Álvaro Rodriguez Redondo         Yo tenía once años cuando empezó la guerra civil española. Estaba dejando de ser “niño”, pero aún estaba lejos de ser “mayor”. Pero mi memoria funcionaba y recogía sucesos de la época que no deben caer en el olvido.  Sobre todo ahora que la guerra de Ucrania, nos hace recordar sucesos de guerras pasadas.  Entre ellas los bombardeos.

            Pasé los primeros meses de la guerra en la ciudad de Zaragoza, adscrita desde el primer momento en el bando de los sublevados, es decir en la zona franquista y por ello era objeto de bombardeos del bando contrario.

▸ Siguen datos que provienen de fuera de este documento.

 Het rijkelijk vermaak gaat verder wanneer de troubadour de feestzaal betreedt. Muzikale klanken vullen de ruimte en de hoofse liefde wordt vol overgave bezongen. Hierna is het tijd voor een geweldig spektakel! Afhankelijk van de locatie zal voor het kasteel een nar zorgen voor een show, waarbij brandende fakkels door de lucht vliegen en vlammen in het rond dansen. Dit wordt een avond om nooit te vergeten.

            La ciudad estaba dotada de potentes sirenas que se oían desde todos los rincones y que los responsables hacían sonar cuando se aproximaban aviones enemigos, pues eso era anuncio de inmediatos bombardeos. Y así era. Los ciudadanos nos refugiábamos en los sótanos de las casas, confiando en protegernos así,  cuando menos, de posibles cascotes y metralla.

            Al día siguiente, alejados los aviones enemigos, salíamos a recorrer la ciudad para ver los destrozos causados por las bombas que habían explotado. Hoy día, a pesar de los años transcurridos, aun recuerdo algunos puntos donde las bombas habían dejado su huella…

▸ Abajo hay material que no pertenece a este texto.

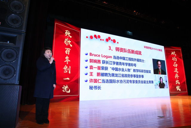 晚会在全年工作总结视频中开场。随后,常务副院长冯玉杰教授公布了马军当选中国工程院院士、任南琪荣获“全国模范教师”称号、学院2+1个团队入选黑龙江省“头雁”团队、三个专业入选国家级及省级一流本科专业、创办《环境科学与生态技术》期刊等在线成人 2019年十大新闻,并作了2020年重点工作汇报。会上,颁发了2019年度在线成人 145奖学金、建霖奖学金、刘光波奖学金、学术新星奖、国际合作突出奉献奖、国际合作团队奖、最佳留学生指导奖、最佳招生奉献奖、最高满意度奖、最佳保障服务奖等师生奖项,马军院士、祁佩时教授、刘光波先生作为嘉宾分别寄语在场师生员工。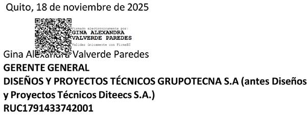 De igual forma, conforme con lo dispuesto en el artículo 3, literal d) del REGLAMENTO SOBRE JUNTAS GENERALES Y ASAMBLEA GENERAL DE SOCIOS Y ACCIONISTAS DE LAS COMPAÑÍAS DE RESPONSABILIDAD LIMITADA, ANONIMAS, EN COMANDITA POR ACCIONES, DE ECONOMIA MIXTA Y SOCIEDADES P0R ACCIONES SIMPLIFICADAS, los accionistas que vayan a asistir por medios telemáticos a la misma día y hora de la junta 9h30, pueden manifestarlo al Gerente General mediante correo electrónico, hasta el día anterior al de la realización de la Junta avisaran que van asistir por ese medio, en cuyo caso deberían consignar sus correos electrónicos a los siguientes correos gvalverde@grupo-tecna-diteecs.com o sandraesalvador2012@gmail.com y conectarse a la siguiente aplicación zoom: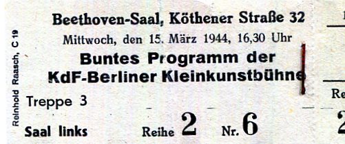 Germany Berlin Entertainment Beethoven Saal Ticket 1944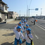 お散歩に行くと、園庭の畑でお芋を見ていたみかん組さん。

            Aunque el lector no conozca la ciudad de referencia voy a citar algunos de esos puntos, pues por su nombre o su descripción, dan una idea de su significado. Por ejemplo, la bomba de la calle Costa —céntrica, residencial e importante— en las proximidades del Gran Hotel.  Otra bomba en la Gran Vía y dado que esta avenida está hecha cubriendo un río, la bomba atravesó esa cobertura y dejó el río Huerva a la vista. Otra en la  calle Don Jaime y similares.

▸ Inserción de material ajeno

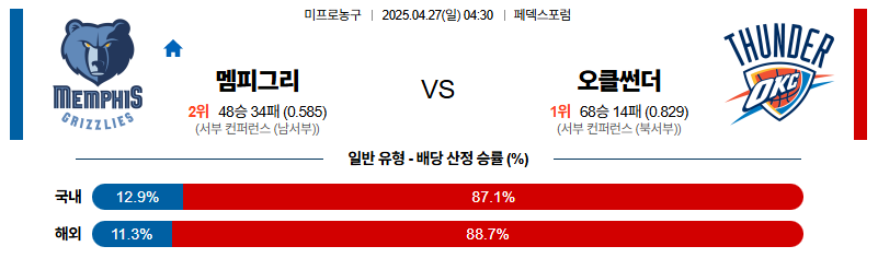 【NBA 】04/27(일) 멤피스 vs 오클라호마

            Podría citar más puntos de la ciudad, todos centros civiles como dicen ahora en muchos bombardeos de Ucrania y al recordar yo lo que antecede, me pregunto: ¿Cómo en vez de la calle Costa o la Gran Vía no bombardearon la Academia General Militar, o el cuartel de Castillejos, o incluso el aeropuerto, objetivos mucho más militares?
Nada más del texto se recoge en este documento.